Но это была не Катря, а доктор Мысловская, дежурившая в клинике.

— Доктор, с вашим больным, Тарнавским, — несчастье.

— Какой Тарнавский — улькус дуодени?

— Да. Тот, у которого после еды рвота. Сегодня опять рвота. Потом потерял сознание.

— Пульс? Немедленно пощупайте живот — не деревенеет ли?

— Да, доктор. Вы не ошиблись: перфорацио…

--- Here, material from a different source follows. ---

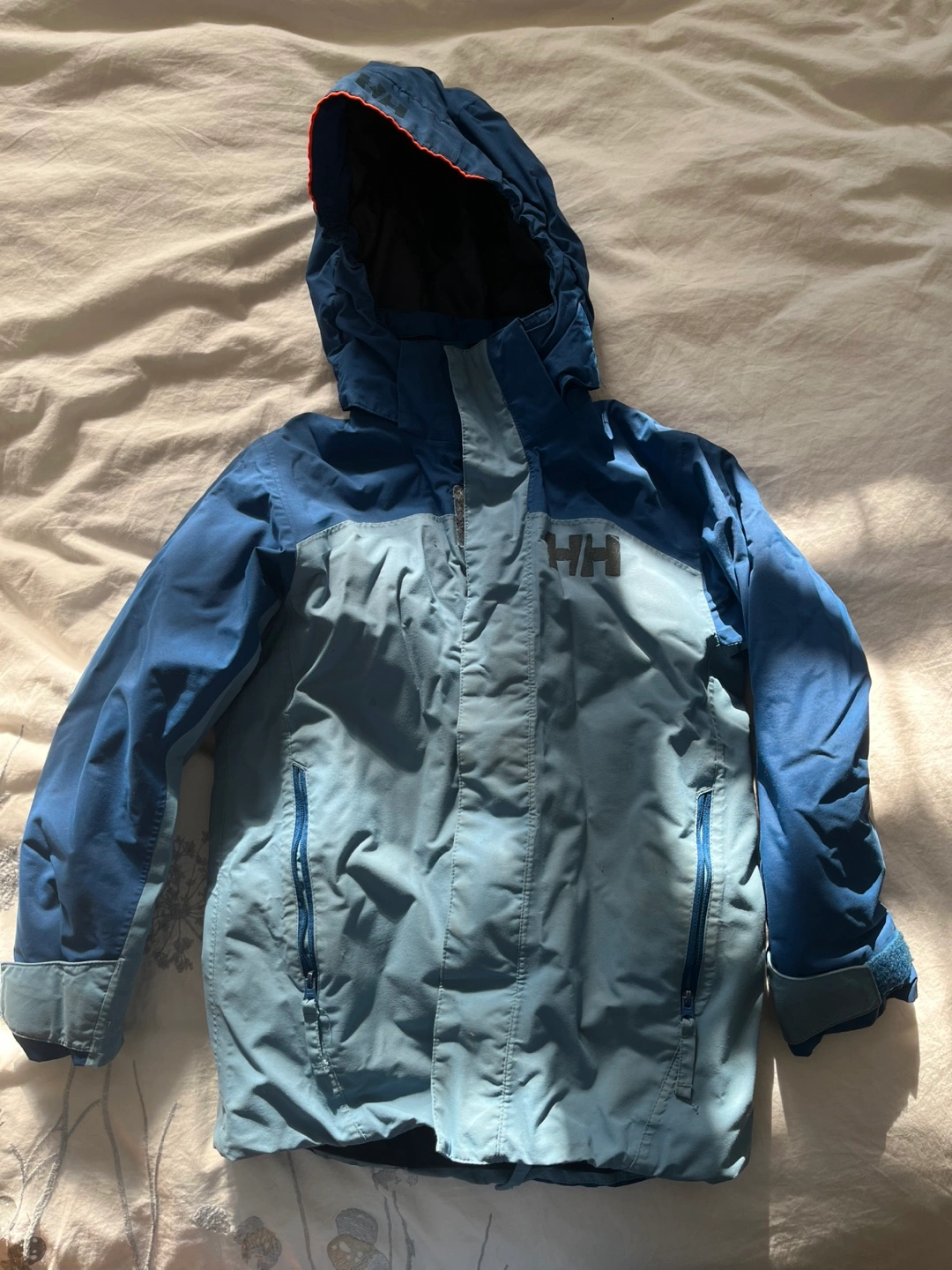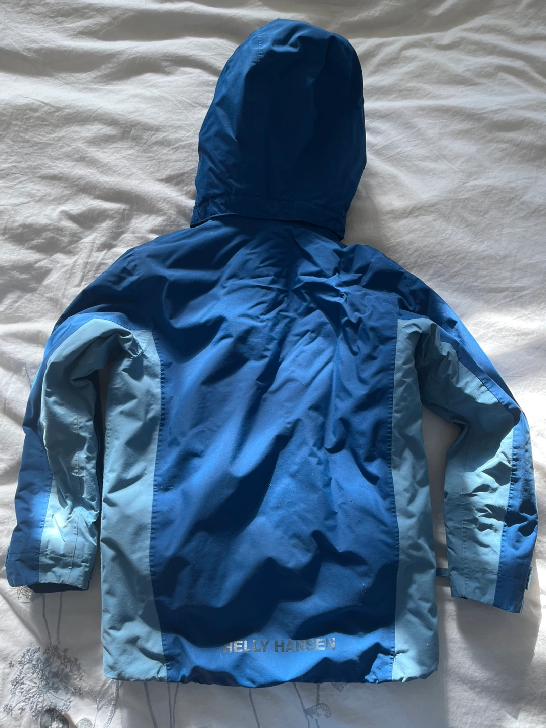 Blue and light blue Helly Hansen kids' ski jacket. Size 128/8. Features a hood. Designed and developed in Norway since 1877.

— Немедленно на стол, позвоните к…

— Я вызвала профессора Маленко. Сестры уже готовят Тарнавского. Наркоз я могу дать сама. Я позвонила к вам, поскольку это ваш больной и, может быть, вы поинтересуетесь.

Не дослушав, я бросил трубку и побежал. Тарнавский — дворник треста Коксохимугля; язва желудка у него с двадцатисемилетнего возраста. Конечно, я не хирург и не обязан быть на операции, но все же Тарнавский мой больной, которого я вел. Я набросил пальто на плечи и выбежал на улицу. До трамвая идти минуты три, но ведь придется еще его ждать, — бегом я буду скорее. Тарнавского я уже давно уговаривал сделать операцию. С тех пор, как убедился, что язва у него не одна, а множественная, от пилоруса вверх по короткой стенке. Вот хорошо! Сейчас, когда желудок будет вынут, я смогу проверить, правилен ли мой диагноз. Такая возможность проверить свой диагноз случается не часто. Теперь я узнаю, в какой мере имею право полагаться на свои выводы после пальпации, рентгена и анализов.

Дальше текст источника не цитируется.